Problem >>
Print only the lines from the top of the data through the line with "Fig. 3.1: QuickBird", both included, skipping every picture.

Dataset extract >>
--- --- ---
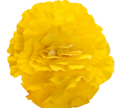
Yellow Red Back BT0405P
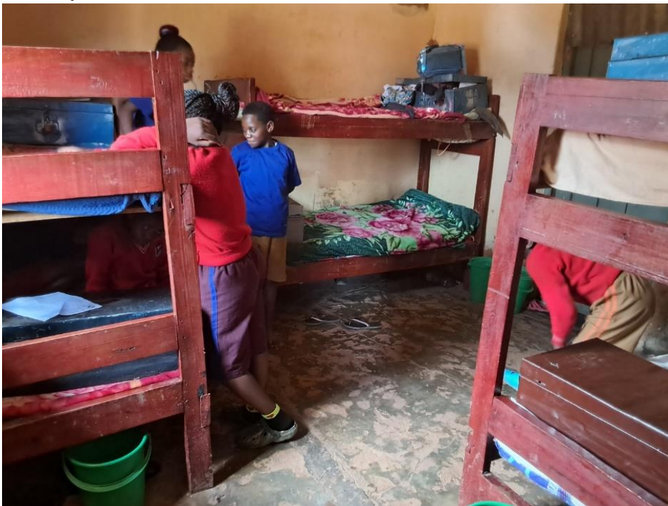
Girls inside the boarding facility at Rise and Shine Preparatory school
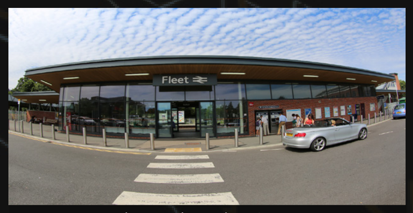
Fleet Mainline Railway Station
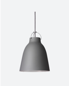
Color: Grey45 (Matt) Cord: Grey45 Item: 14288212

Category: Pendant Model: P2 Dimensions: Height: 13.2 in Diameter: 10.1 in Cord specifications: Length: High-gloss: 118 in / Matt: 236 in Color: Varies w. shade Color Material: Textile Materials: Shade: Steel Suspension: Steel Weight: 2,4 lb Socket: E26 max 100W
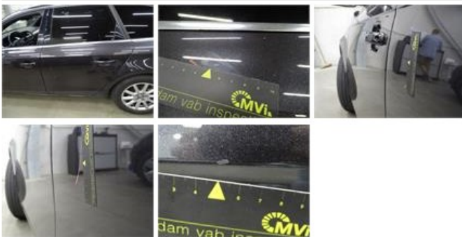
Door F L, Bad repair, Acceptable
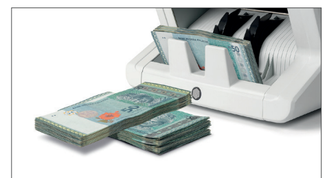
Batch function, to create fixed series of a pre-set number of banknotes
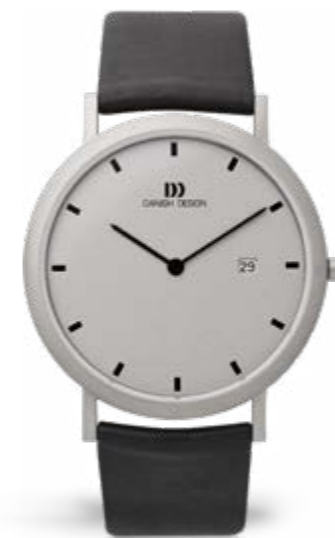
LIGHT GREY STRIPE LARGE IQ19Q881
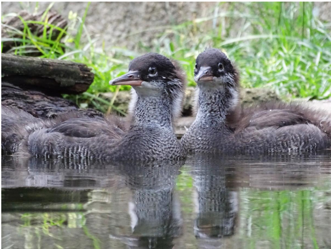
Picture 3 - Taken on October 8th, birds raised by the parents
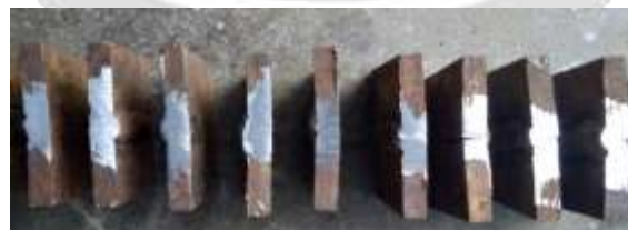
Fig 1 Experiments 1- 9
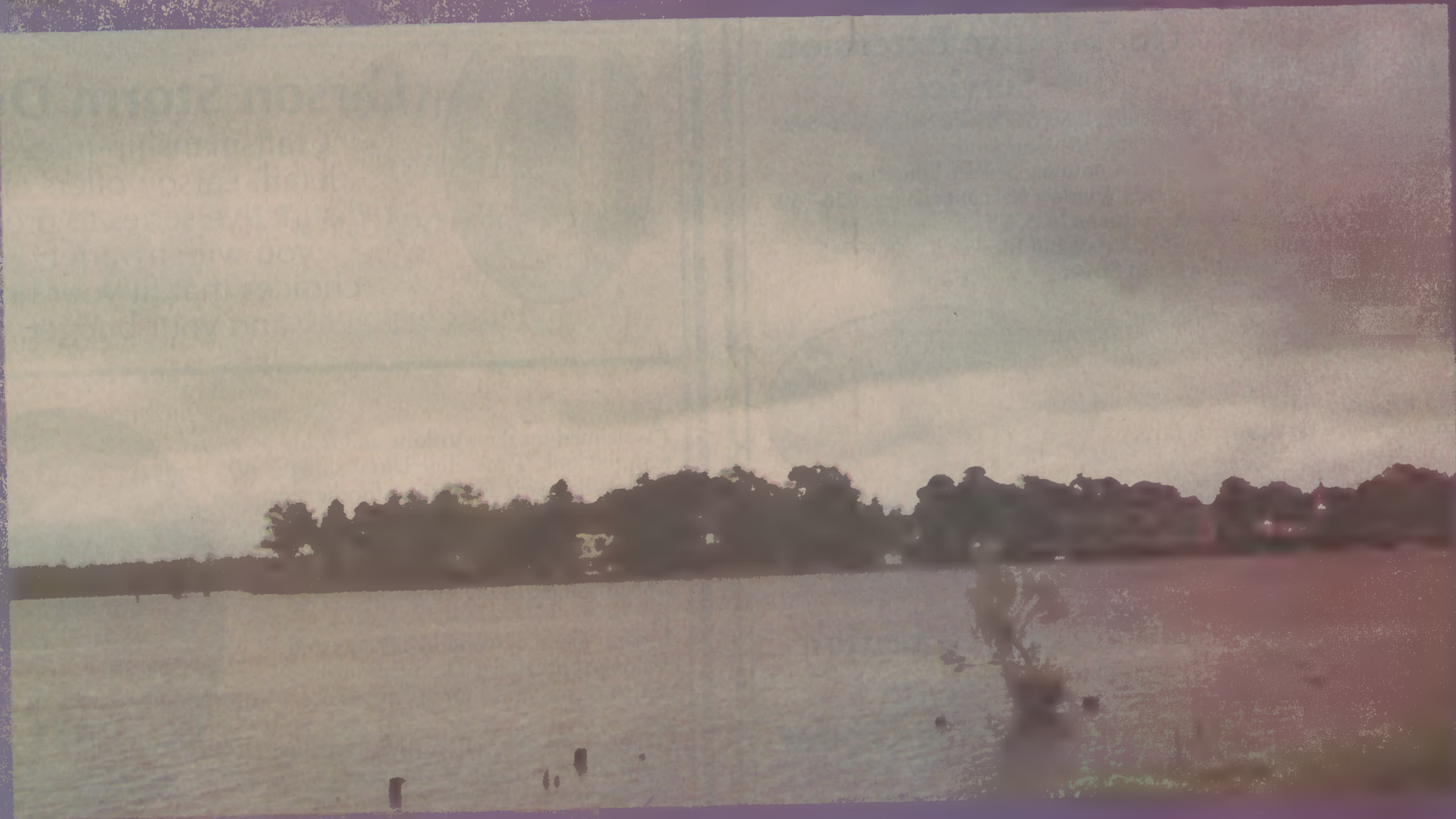
Progress Edition of 'The Perquimans Weekly' June 24, 1999
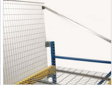
Adjustable extension kit allows you to extend panels past uprights
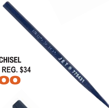
3/4" COLD CHISEL JET-775434 REG. $34 $20.00
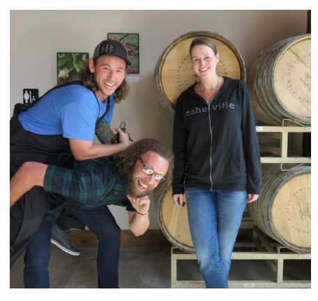
The team at Pleb Urban Winery

physical intervention and not as dependent on chemicals. This is the continuity I look for in the wine from the vineyard."
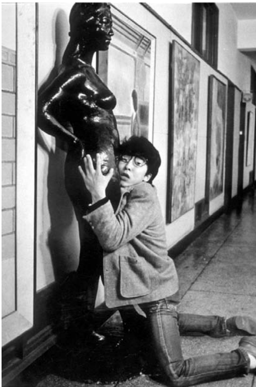
An explicit scene of male sexual anxiety. Whale Hunting (1984).
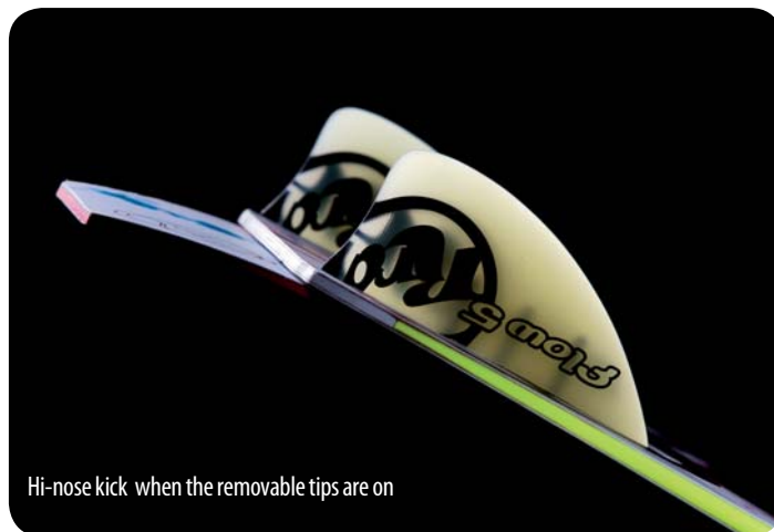
Hi-nose kick when the removable tips are on
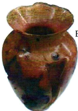
Nigel's Cherry Burl piece
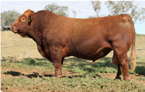
MALA-DAKI RED AMIGO K649 (PP) (AI)
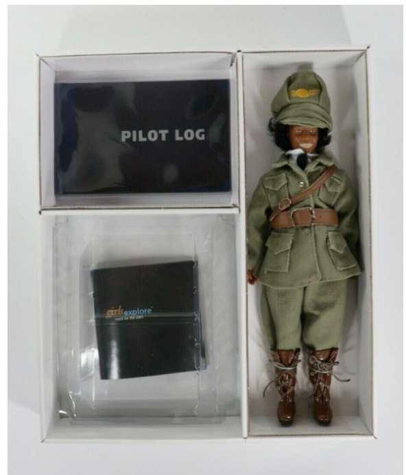
Bessie Coleman First African American Aviator
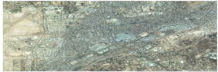
Fig. 3.1: QuickBird Satellite Imagery of the study area

The data collection was done in such a way to meet up with the needs for achieving the aim and objectives of the study.
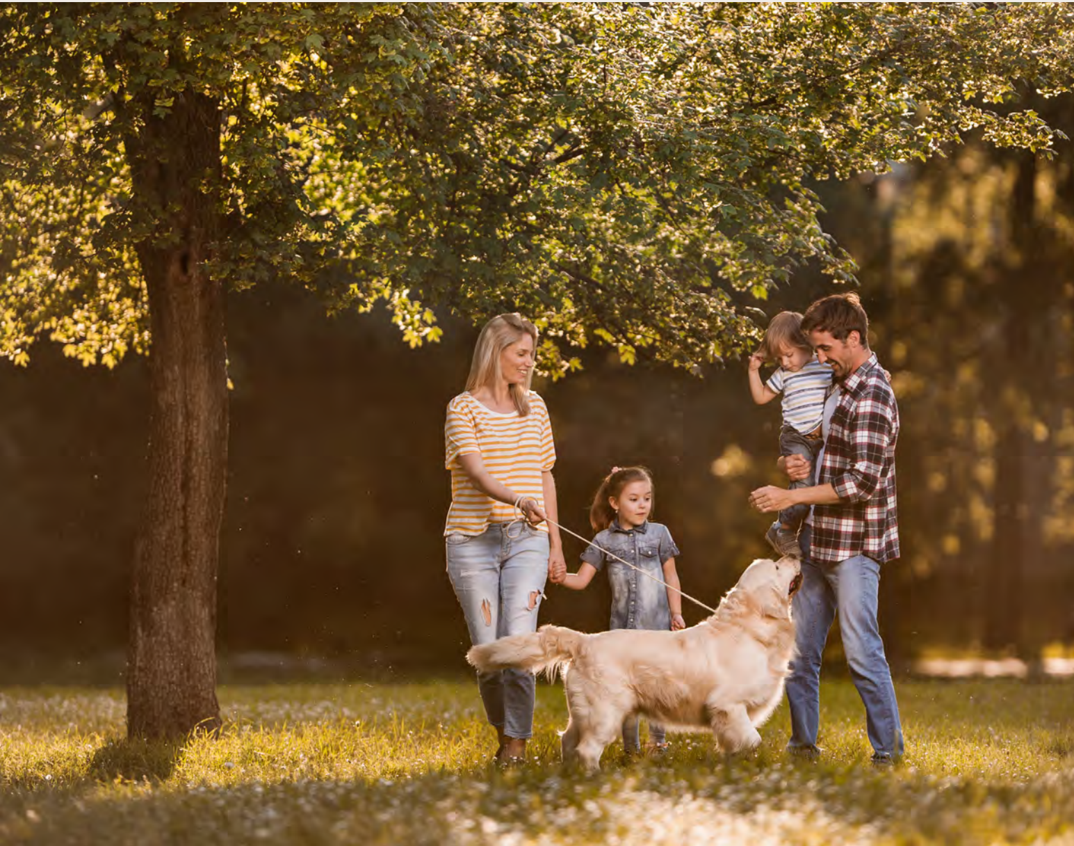
Shannon Mews Park - 2 min Drive / 10 min Walk

Forward-thinking in its location, AderaWest invites you to live at the brink of what makes Vancouver so famous: Modern amenities, an abundance of nature, high-walkability and easy access to the vibrant city centre.
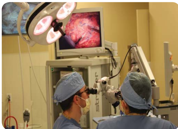
...And the juniors
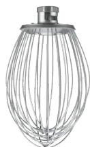
WSM20LW Stainless Steel Chef's Whisk
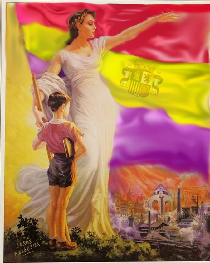
El Niño es la Mayor Promesa de la Patria
--- --- ---
Response to this task >>
Yellow Red Back BT0405P
Girls inside the boarding facility at Rise and Shine Preparatory school
Fleet Mainline Railway Station
Color: Grey45 (Matt) Cord: Grey45 Item: 14288212

Category: Pendant Model: P2 Dimensions: Height: 13.2 in Diameter: 10.1 in Cord specifications: Length: High-gloss: 118 in / Matt: 236 in Color: Varies w. shade Color Material: Textile Materials: Shade: Steel Suspension: Steel Weight: 2,4 lb Socket: E26 max 100W
Door F L, Bad repair, Acceptable
Batch function, to create fixed series of a pre-set number of banknotes
LIGHT GREY STRIPE LARGE IQ19Q881
Picture 3 - Taken on October 8th, birds raised by the parents
Fig 1 Experiments 1- 9
Progress Edition of 'The Perquimans Weekly' June 24, 1999
Adjustable extension kit allows you to extend panels past uprights
3/4" COLD CHISEL JET-775434 REG. $34 $20.00
The team at Pleb Urban Winery

physical intervention and not as dependent on chemicals. This is the continuity I look for in the wine from the vineyard."
An explicit scene of male sexual anxiety. Whale Hunting (1984).
Hi-nose kick when the removable tips are on
Nigel's Cherry Burl piece
MALA-DAKI RED AMIGO K649 (PP) (AI)
Bessie Coleman First African American Aviator
Fig. 3.1: QuickBird Satellite Imagery of the study area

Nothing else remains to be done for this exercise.